Tracing System as an Application Operations Log

Arseny Yankovski

Arseny Yankovski

Lead Architect @ eMarketeer

Imagine you have a big backend system. It performs a lot of operations each day. Let's face the inevitable — some of them will result in an error. Some of them you can ignore, some you'll learn about too late, and some might result in a loss of important data or system downtime.

Let's talk about different kinds of operations and errors and how a tracing system helps developers with all of them.

Tracing, to define broadly, is recording information about a program's execution. Since we're talking about a backend system, let's imagine a tracing solution similar to the real ones. I'm basically going to describe what recap.dev does.

It will record and store logs, and the request and response information. The solution will also record if the operation succeeded or resulted in an error. Our tracing system assigns a unique id to each operation and organizes the data in a searchable way. Most importantly, it will allow us to find and understand what happened during each operation. Of course, it's only natural that the system will alert when some operations fail with a new error or have an error rate higher than a configured threshold.

A log of operations stored in recap.dev

Let's talk about types of operations in our backend system. If you're familiar with CQRS or the command-query separation principle you'd say there are queries and commands.

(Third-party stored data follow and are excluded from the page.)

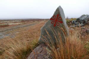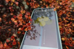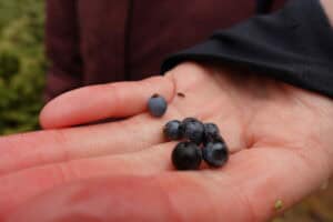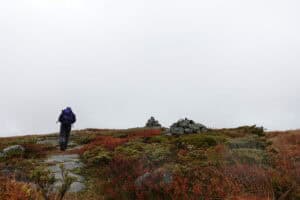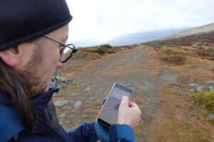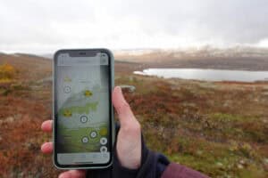 Dag én henger tåken lavt over Hjerkinnhøe, der ruten vår starter. Vi legger opp til orientering denne dagen, med målsetting om å nå de laveste punktene på ruten. Vi ender opp med å gjøre mer enn vi har planlagt, både å teste de ut viktigste funksjonene i systemet og å dokumentere turen med bilder og feltnotater underveis. Dessuten fikk jeg samlet inn fargekoder og teksturer fra det praktfulle høstlandskapet som skal brukes til neste iterasjon i designet. Testen fra dag én viser at både posisjoneringen og avspillingen av innholdet fungerer greit, til tross for sviktende internet-dekning. Dette da vi benytter komprimerte lydfiler for å korte inn på nedlastingstiden. Vi finner også ut av at det er lett å gå forbi punkt dersom man navigerer utfra visuelle ledetråder langs ruten, som f.eks. skilt eller varder. Til sist gjorde vi et funn som vi ikke kan dele; den beste plassen for å plukke bær langs ruten.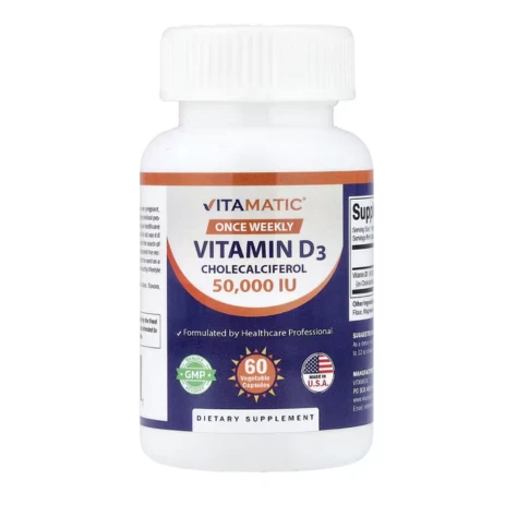 Vitamatic Vitamin D3 is a high-potency supplement delivering 1,250 mcg (50,000 IU) per capsule to support bone health, immune function, and calcium absorption. Each bottle contains 60 vegetarian capsules for convenient weekly dosing. Features: - High-potency 50,000 IU Vitamin D3 per capsule - Vegetarian capsules suitable for all dietary preferences - Supports bone strength and immune system health - Aids calcium absorption for skeletal wellness - Easy-to-swallow capsule format - 60-capsule supply for extended use Vitamin D3 is essential for maintaining healthy bones and teeth, especially in regions with limited sunlight exposure. This supplement is ideal for those seeking to maintain optimal vitamin D levels year-round.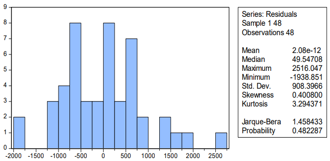 La evaluación del grado de consistencia de los resultados definitivos hallados indica que los parámetros estimados son robustos y eficientes, debido a que no existen problemas de autocorrelación, de heterocedasticidad y de colinealidad (Tabla 3). A su vez, el estadístico Jarque-Bera -estimado mediante el paquete estadístico Eviews 12-, resultó tener un valor de 1.458433 (menor a 5.9), lo cual indica la existencia de una buena bondad de ajuste y que los residuos resultantes de la diferencia entre los valores observados y los estimados de la tasa de infección por coronavirus siguen una distribución normal (Figura 2).

Queries are operations of reading the data. Queries are free of side effects and don't change the state of the system. For example, an endpoint that returns a list of users for the UI to show. There are a couple of reasons it could fail, like a database being down, or just an edge case input parameter. Alerts will immediately let you know that something is wrong, and the recorded request payload will help a developer find the cause. If the tracing system records external operations, as recap.dev does, it will also make it easier to understand exactly which operation fails and why.

Commands, on the other hand, are operations that change the state of the system. Some commands have defined rules for error handling. For example, if we're sending an email we will retry three times on a soft bounce and send it to the dead letter queue where the messages could be reviewed later. Most of the time though the commands in a backend system would not have these rules, and they cannot be retried automatically. In these cases having commands and their results recorded in the tracing system allows engineers to see exactly what happened and manually fix, revert or retry the operation partially.

An SQL query failing visible on a timeline

Some commands could be highly destructive. Deleting blog posts before a specific date, for example. It's easy for a user to input a wrong date and delete all of them. Besides implementing a soft delete rather than just deleting database records, it's also useful to have commands recorded in the tracing system. This way engineers could always look up a specific invocation of the command and see what exactly was the input and understand if the cause of the data loss was a bug or a user input.

Having a tracing system will not only allow developers to react to errors faster and debug them easier. It will also keep an archive of all the operations in your system, so you could look up a specific one.